▸ How to complete this task:
Exclude the pictures, then restate exactly each line of the data below from the first through the line containing "Çeşme Cumhuriyet Başsavcılığınca, tutuklu".

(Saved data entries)
┄┄┄┄┄┄

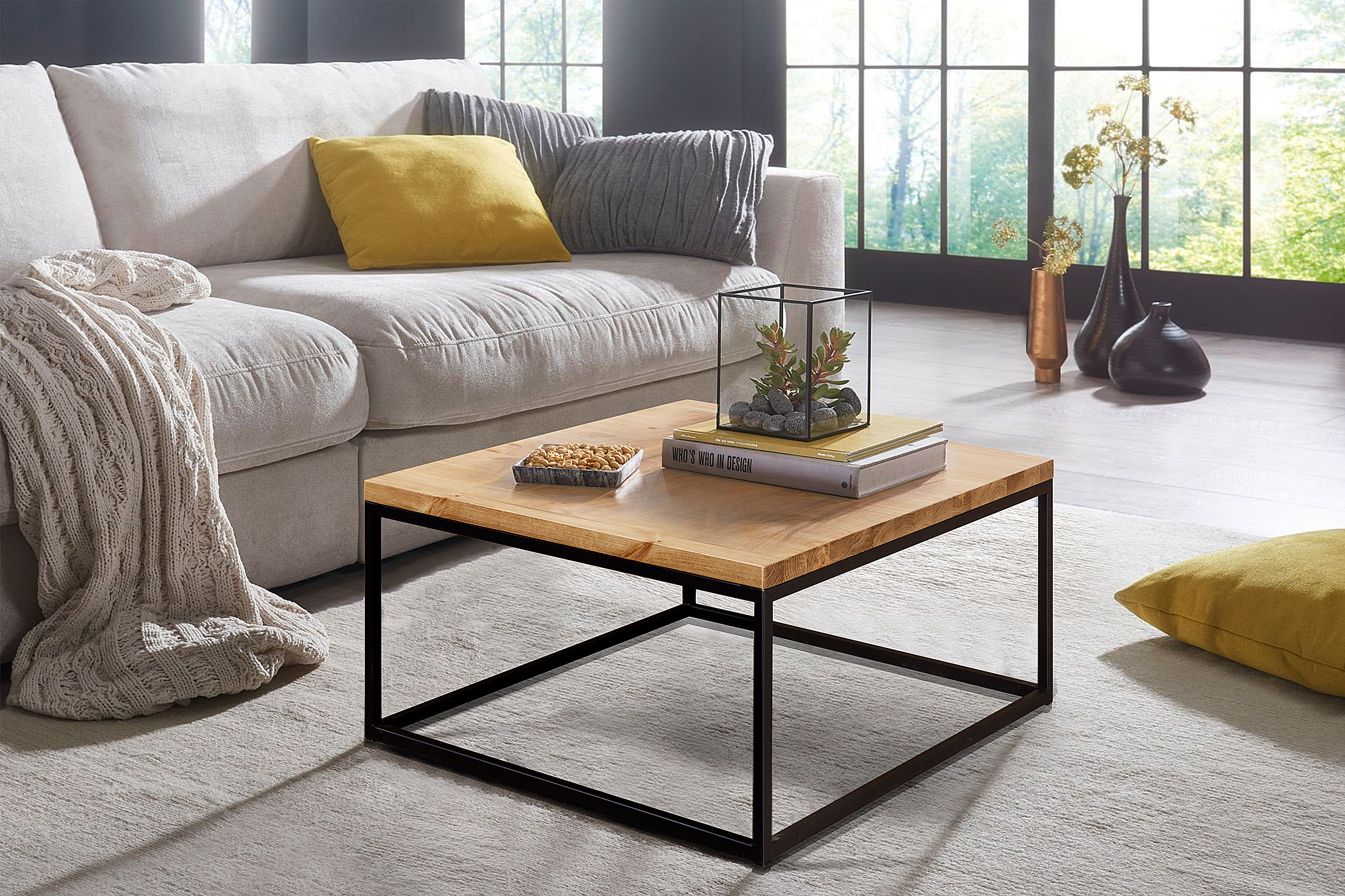 Приставной журнальный столик в стиле лофт. Изготовлен из массива дуба и высококачественного метала.
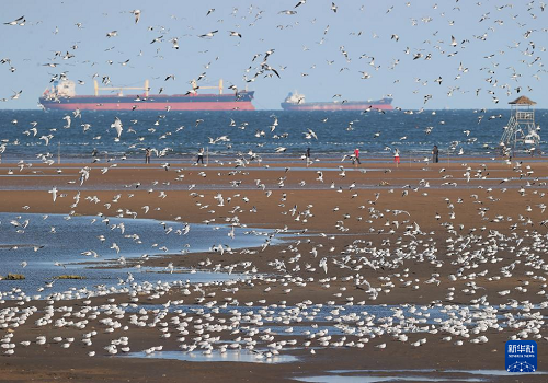 這是4月7日在河北省秦皇島市北戴河區(qū)沿海地區(qū)拍攝的海鷗。(新華社記者 楊世堯 攝)
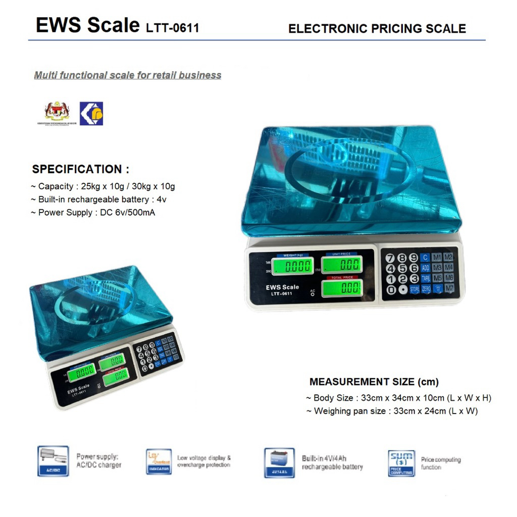 25kg / 30kg Electronic Digital Price Computing Rechargeable Supermarket Counting Scale Penimbang Harga Timbang
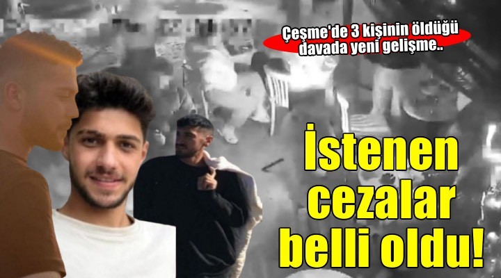 Çeşme Cumhuriyet Başsavcılığınca, tutuklu sanık B.B. hakkında 3 maktule karşı "kasten öldürme" suçundan 3 kez müebbet, A.D. ve A.M'ye karşı "kasten öldürmeye teşebbüs" suçundan 18'er yıla, "ateşli silahlar kanununa muhalefet" suçundan ise 3 yıla, tutuklu sanık O.A. ve tutuksuz sanık Ö.Ö. hakkında "kasten öldürmeye yardım etme" suçundan 15'er yıla, "kasten öldürmeye teşebbüse yardım etme" suçundan da 9'ar yıla kadar hapis cezası istemiyle hazırlanan iddianame mahkemece kabul edilmişti.
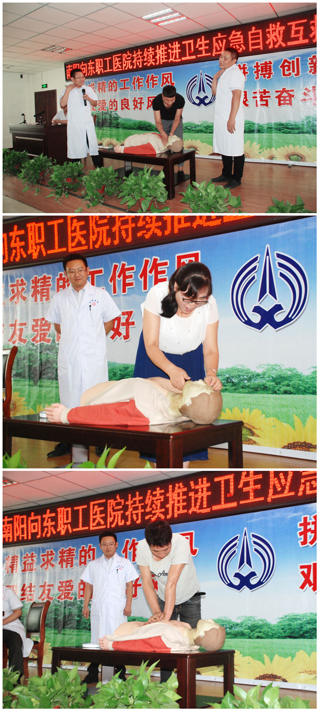 ? ? 為進(jìn)一步提高公司廣大干部職工的公共衛(wèi)生素養(yǎng),全面普及、預(yù)防、避險、自救、互救等衛(wèi)生應(yīng)急知識技能,8月28日,南陽向東職工醫(yī)院公共衛(wèi)生應(yīng)急小組一行6人來到南陽向東工業(yè)園,為園區(qū)干部職工開展心臟驟停單人心肺復(fù)蘇術(shù)應(yīng)急自救知識講座。

┄┄┄┄┄┄

▸ Answer section:
 Приставной журнальный столик в стиле лофт. Изготовлен из массива дуба и высококачественного метала.
 這是4月7日在河北省秦皇島市北戴河區(qū)沿海地區(qū)拍攝的海鷗。(新華社記者 楊世堯 攝)
 25kg / 30kg Electronic Digital Price Computing Rechargeable Supermarket Counting Scale Penimbang Harga Timbang
 Çeşme Cumhuriyet Başsavcılığınca, tutuklu sanık B.B. hakkında 3 maktule karşı "kasten öldürme" suçundan 3 kez müebbet, A.D. ve A.M'ye karşı "kasten öldürmeye teşebbüs" suçundan 18'er yıla, "ateşli silahlar kanununa muhalefet" suçundan ise 3 yıla, tutuklu sanık O.A. ve tutuksuz sanık Ö.Ö. hakkında "kasten öldürmeye yardım etme" suçundan 15'er yıla, "kasten öldürmeye teşebbüse yardım etme" suçundan da 9'ar yıla kadar hapis cezası istemiyle hazırlanan iddianame mahkemece kabul edilmişti.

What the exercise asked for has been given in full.